If the Government concludes that it must do more to increase retirement savings, it will want to consider all possible alternatives ' not just compulsion. It has made a start by simplifying pensions, at least in their charging structure. If the complexity of pre-stakeholder pensions was a discouragement to those who might have saved for their retirement, is there not a step before compulsion that involves more encouragement?
Encouragement could be targeted at employers as well as employees and, fortunately, examples already exist in the American 401(k) system, which has long been seen as a role model for stakeholder pensions.
Under 401(k), senior management qualifies for tax breaks on their own pension contributions only if they satisfy certain criteria regarding contributions to the schemes for their employees. Different taxation systems in the UK are unlikely to accommodate a direct copy of this point but the principle may be worth exploring.

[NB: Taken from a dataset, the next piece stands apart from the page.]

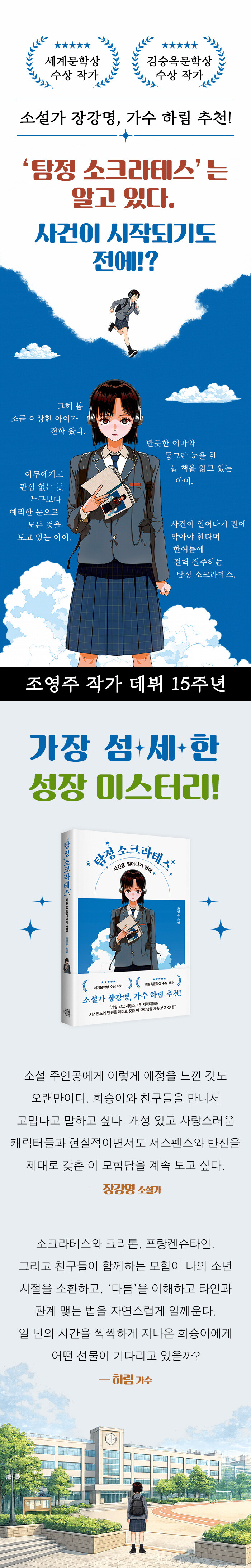화창한 봄날, 조금 이상한 아이가 전학 온다. 반듯한 이마에 동그란 눈을 한, 늘 책을 읽고 있는 아이. 아무에게도 관심 없는 것 같지만 누구보다 예리한 눈으로 모든 것을 보고 있는 아이…. 올해로 데뷔 15주년을 맞는 조영주의 신작 청소년 소설 《탐정 소크라테스》는 사건이 일어나기 전에 막기 위해 전력 질주하는 중학생 탐정 ‘희승’의 이야기이다.

More importantly, further incentives could be offered to employees. If a major barrier to contributing to a pension is the commitment of tying up scarce funds for many years, you could look at the US model of allowing loans from the funds for any reason and absolute withdrawals for certain defined reasons of hardship. The tax implications of this would have to be considered but, again, the principle is worth examining if greater encouragement is being sought.
Pensions is a multi-dimensional subject that touches on social, fiscal and political issues. Simple answers rarely, if ever, exist and we need to recognise this when speculating what the future may hold.
To answer the stakeholder take-up question properly, you need to look beyond basic data on scheme numbers.
The general stakeholder target market is people earning between £9,000 -£20,000.
Pension compulsion looks impractical for people earning below £20,000.